*About this task*
All that is needed is the line containing "出展者説明会の様子 (ハノイ会場)" and the lines after it to the end of the material, written out exactly, pictures left aside.

..............................

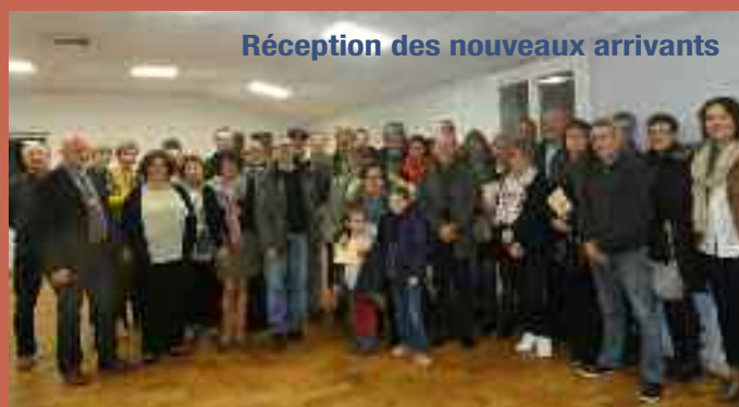
Réception des nouveaux arrivants
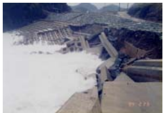
冬季風浪による海岸保全施設の被災

過去に越波などによる大きな被災は発生していないが、冬季風浪などによる海岸保全施設の破損、背後地民家への浸水などが一部で発生している。
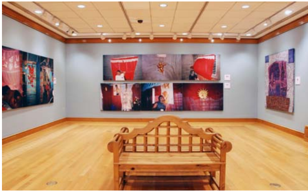
Vista de la exposición “Adentro y afuera: Tendencias recientes en el arte dominicano”, organizada por el Centro Cultural del BID.
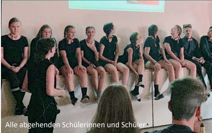
Alle abgehenden Schülerinnen und Schüler
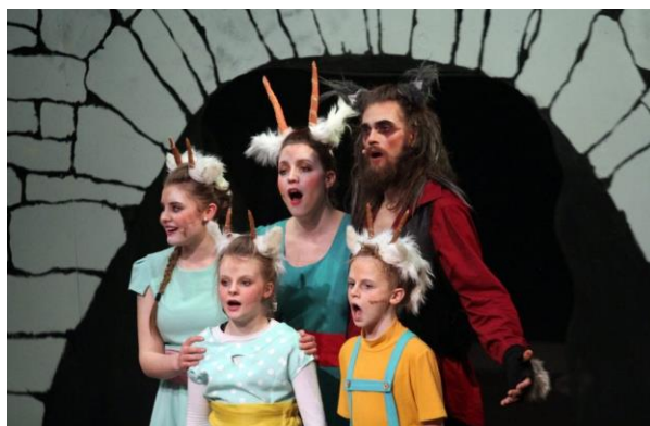
Familie musikalen Ulven – februar 2019

For å kunne gjennomføre den skisserte satsningen beskrevet ovenfor, må kulturskolen tilføres stillingsressurser som muliggjør økt innsats og opptrapping av prosjekter.
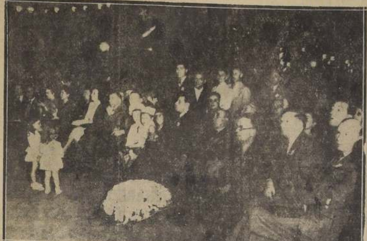
Una parte de la numerosa concurrencia habida anoche en el Parque Forestal, para celebrar el aniversario de la Revolución Soviética. Hubo festival y baile popular.
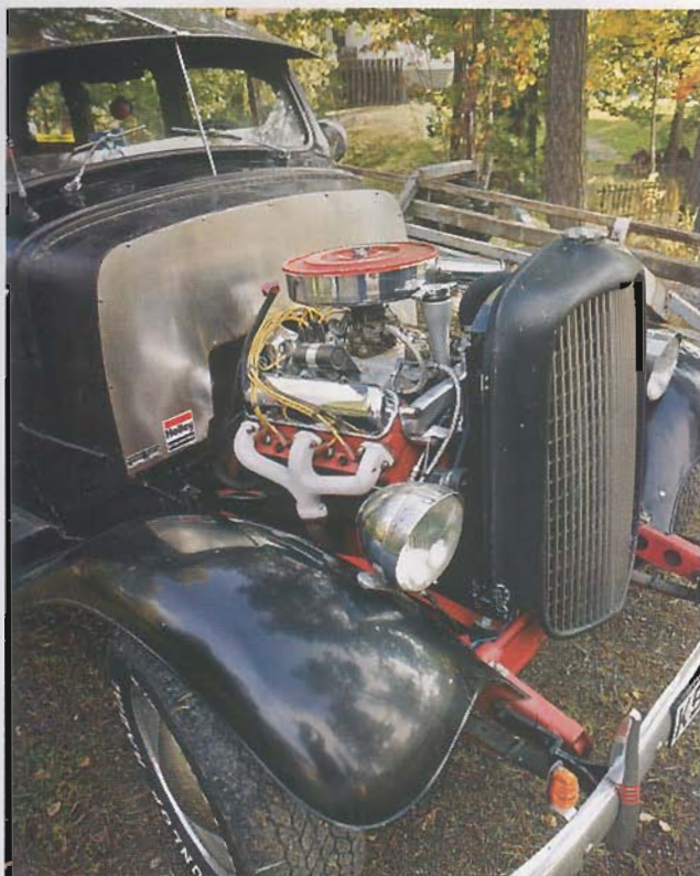
Palle fick upp ögonen för Volvos okända V8 för många år sedan då han monterade en L420-8 i sin kraftigt ombyggda Volvo Sugga från 1951.

att få avgaserna rakt upp. Generatorm sitter fast monterad i ramen och har fått en spärrulle för remmen.
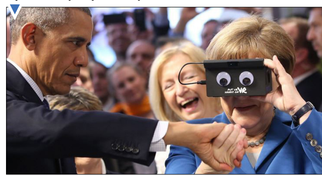
مکرل در حال تست کردن هدست واقعیت مجازی با دست اوپاما در نمایشگاه هانوف
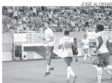
Sub-17 jogará de novo em Natal
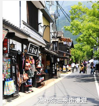
湯布院溫泉街漫遊

湯布院是九州非常有名的溫泉小鎮，跟一般的溫泉小鎮不太相同，湯布院經過悉心打造成十分具有藝術氣息的小鎮，特別受到日本 OL 女士的追捧。自由在湯布院溫泉街上漫遊，可前往 SNOOPY 茶屋、金鱗湖等等。其中湯布院 Floral Village 是以世界最美麗的村莊：英國的 Cotswold 作為藍本而興建，因此散發著濃厚的英式風格，步入村莊內有如誤闖哈利波特的世界。Floral Village 除了有幢幢英式建築，更展示了多輛英式中古汽車，除此之外，湯布院 Floral Village 亦把動畫《魔女宅急便》的場景重現，在湯布院 Floral Village 之中遊客可以到訪女主角琪琪的麵包店，粉絲必到。
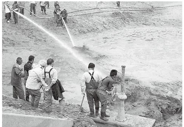
2mもの泥が堆積していました
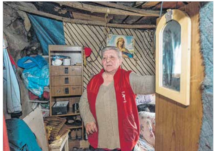
Erzsébet harminc éve él az erdőben

Karácsony az erdőben is van: az itt lakók is befaragják a fenyőfát a talpba, majd feldiszipítik, ezt követően elköltik
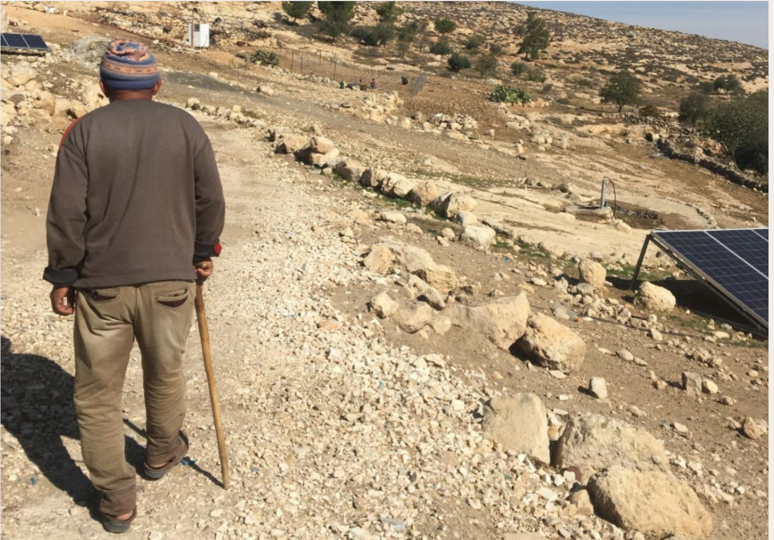
OUDE PALESTIJNSE MAN LOOPT DOOR DE HEUVELS TEN ZUIDEN VAN HEBRON OP DE WESTELIJKE JORDAANOEVER.

algemene opvatting in westerse landen dat er een tweestatenoplossing moet komen. Als de Westelijke Jordaanoever officieel wordt geannexeerd, is het de facto één staat. Waar moet die tweede staat dan nog komen?'
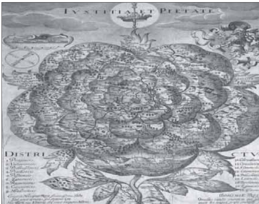
Alegorická mapa Čech v podobě růže v Balbínových Rozmanitostech z historie království českého

Svá dětská léta prožíval ovšem Bohuslav Balbín v krásném prostředí tehdy nového renesančního zámku v Častolovicích. Zde uprostřed lesů kolem břehů Orlice se silně vyvinul jeho cit pro krásu přírody a touha poznávat její tajemství. Také se zde upevnilo jeho zdraví,
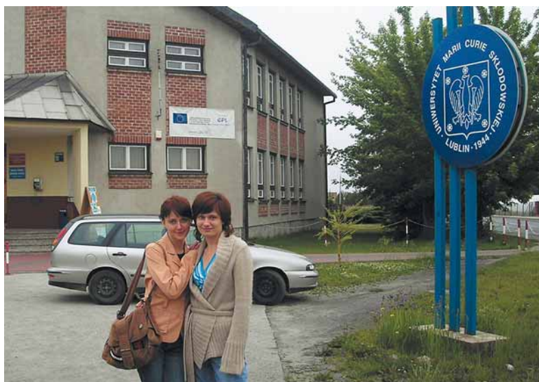
Kolegium Licencyjne UMCS w Białej Podlaskiej

z dodatkową specjalnością logopedyczną); informatyka; politologia (specjalność administracja publiczna); stosunki międzynarodowe.
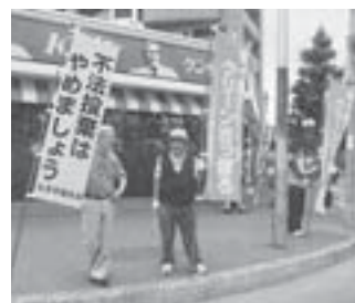
昨年7月、円山第12町内会が街頭で行った、『ポイ捨てごみゼロキャンペーン』の様子

役員によるごみステーションの点検など。三年間の地道な活動により、年々住民の皆さんの意識は高まり、今ではほとんどのごみステーションで、マナー違反が見られなくなつたそうです。また、春には、家族で花壇作りを楽しんでもらおうと、花の苗を各家庭やマンションに配つたり、秋には落ち葉拾いを行いました。
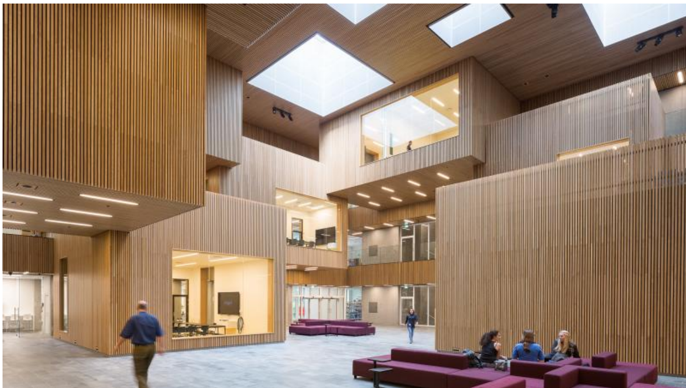
Interieur fra Bygning 202 på DTU, en af de bygninger der blev besøgt på foreningens rundtur.

- Besøg på virksomheden Aquaporin på Nymøllevej den 24. januar. Virksomheden har til huse i en ældre industribygning, der har gennemgået en meget fin renovering.
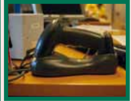
Een draadloze laserscanner beperkt de manipulatie van lasten tijdens het scannen. Zeker voor zware of grote lasten is dat van belang
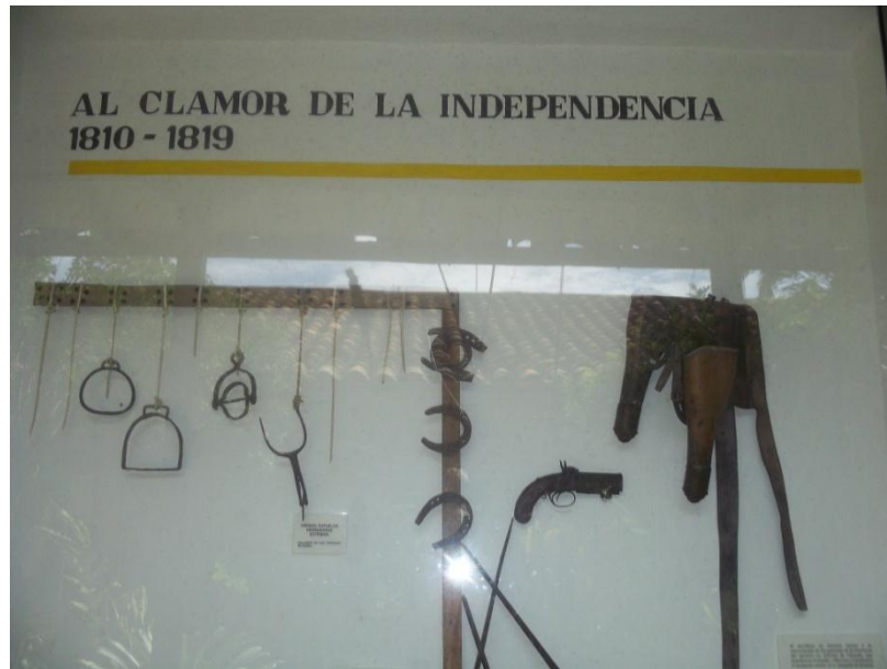
Foto 27. Al clamor de la independencia
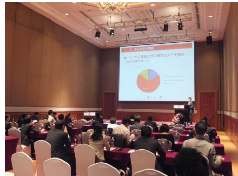
出展者説明会の様子 (ハノイ会場)

ほとんどの日本側出展者が初めてベトナムの旅行業関係者との商談に臨むということもあり、出席者からは「非常に有益な情報を得た」「このような地域特性に関する説明を、他のセミナー・商談会でも行ってほしい」などの意見が聞かれました。
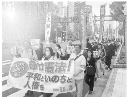
集会後に西梅田まで市民パレード
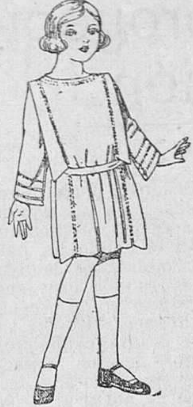
Vestidos de sarga inglesa popeline, etc., en azul y color adornos pespunte sedas para niñas de 4 a 9 años. De ptas. 35 a 42

..............................

*Final answer*
出展者説明会の様子 (ハノイ会場)

ほとんどの日本側出展者が初めてベトナムの旅行業関係者との商談に臨むということもあり、出席者からは「非常に有益な情報を得た」「このような地域特性に関する説明を、他のセミナー・商談会でも行ってほしい」などの意見が聞かれました。
集会後に西梅田まで市民パレード
Vestidos de sarga inglesa popeline, etc., en azul y color adornos pespunte sedas para niñas de 4 a 9 años. De ptas. 35 a 42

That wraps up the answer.